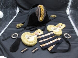 そこで今回紹介する買取品は旧日本帝国海軍大尉の品物です。軍服や帽子は時代の割には状態はシミや汚れもなくしかも儀礼の帽子や肩章など専用ケースに入ったものは極美品でした。きっとご家族もしくは当時の奥様が大切に保管していたものと思われます。将来、私の遺品も家内が愛情込めて保管してくれたら…という宝くじにも似た儚い夢を胸に抱いての出張査定でした。ありがとうございました。
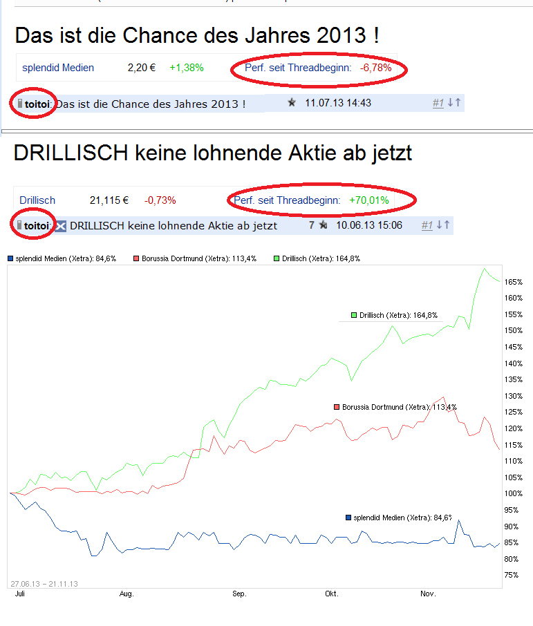 die threads, in denen du monatelang nichts geschrieben hast und dann zufällig gesehen hast ,dass der kurs dort stieg .-))...da warste schon längst wieder raus, nachdem du wieder mal zu ungeduldig warst, ein paar tage abzuwarten ...kennen wir doch schon von dri, wo du aber im gegensatz zu den anderen beiden genannten threads fast taeglich geschrieben hast....-)
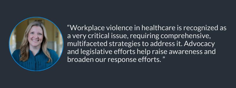 Violence in healthcare has reached a crisis point, impacting not only the safety of employees but also the overall quality of care provided to patients. Jennifer Schmitz described the timeliness of the conversation and a recent sense of urgency to address the issue, stating that now “workplace violence in healthcare is recognized as a very critical issue, requiring comprehensive, multifaceted strategies to address it.” She adds that “advocacy and legislative efforts help raise awareness and broaden our response efforts.”
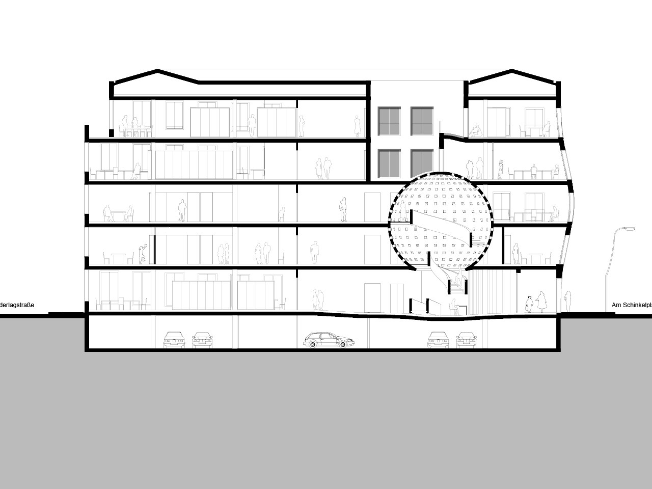 The design for the office building at Schinkelplatz is based on an approach that reflects the surroundings and the history of the site. The new block is fitted precisely into the urban reconstruction of Berlin Mitte and refers to the historical context with an interpretation of the classical city palace. Five conceptual components of the design determine the external appearance, the quality and functionality of the interior spaces of the building. The first, the main entrance of the building faces the square, and leads into a large lobby which is topped by a spherical stair-void. The lobby is connected to the internal courtyard for additional light, and on each floor an entrance hall also faces the garden. The second is that the void of the lobby emerges as a distance echo in the façade facing Schinkelplatz: the centre of the building is highlighted by a gently rounded bay window, which indicates the entrance of the building. This multi-storey bay window is most plastic element of the design, and is intended as a reference to the massive domes of the surrounding environment and a critique of the contemporary tendancy towards non-hierarchical facade subdivision.
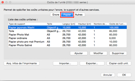 Configurez les coûts de l'unité, y compris les coûts de l'encre et du papier
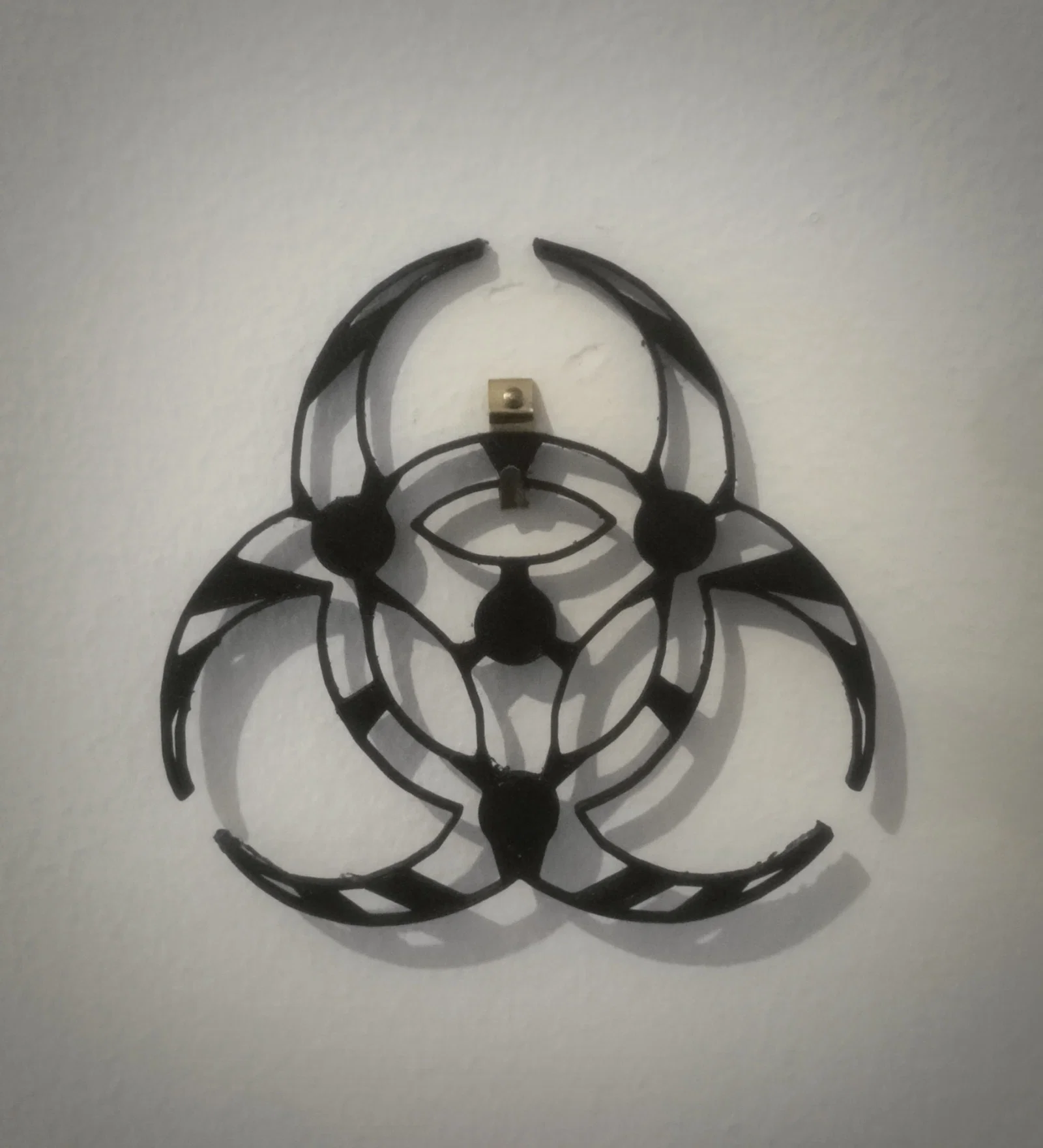 Mẫu 2D biểu tượng biohazard được thiết kế có các khe hở, phù hợp làm bảng treo tường hoặc trang trí. Dễ in 3D và dùng làm signage/biển cảnh báo theo nhu cầu.
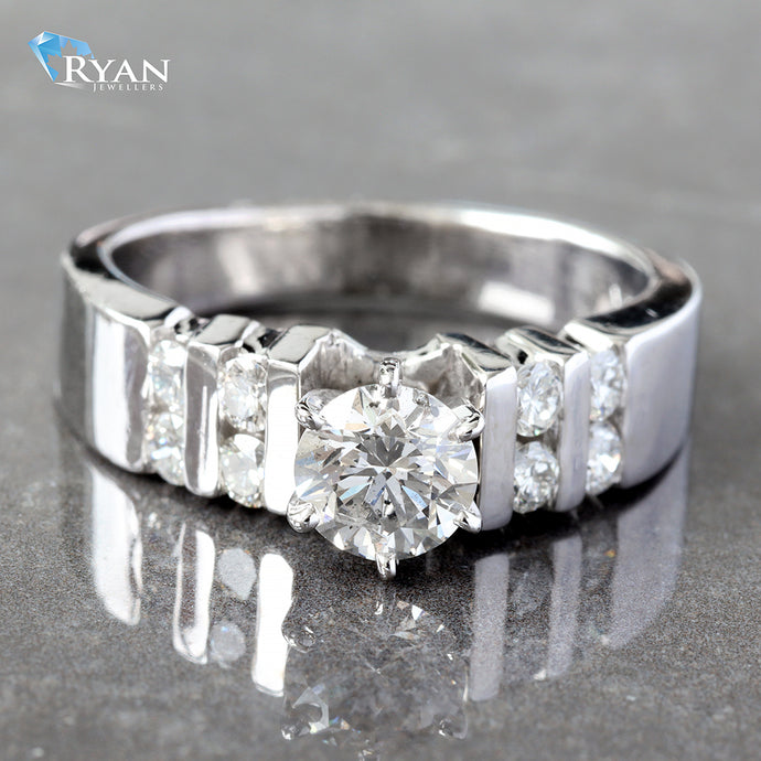 RING GW 18K 0.88CTW ROUND 6 PRONG SOLITAIRE SECTIONAL CHANNEL SET SHOULDERS

○ ○ ○ ○ ○

# What you have to do
Which lines run from the one containing "Mẫu 2D biểu" to the end of the entries above? Write them out exactly, leaving out every picture.

# Answer
 Mẫu 2D biểu tượng biohazard được thiết kế có các khe hở, phù hợp làm bảng treo tường hoặc trang trí. Dễ in 3D và dùng làm signage/biển cảnh báo theo nhu cầu.
 RING GW 18K 0.88CTW ROUND 6 PRONG SOLITAIRE SECTIONAL CHANNEL SET SHOULDERS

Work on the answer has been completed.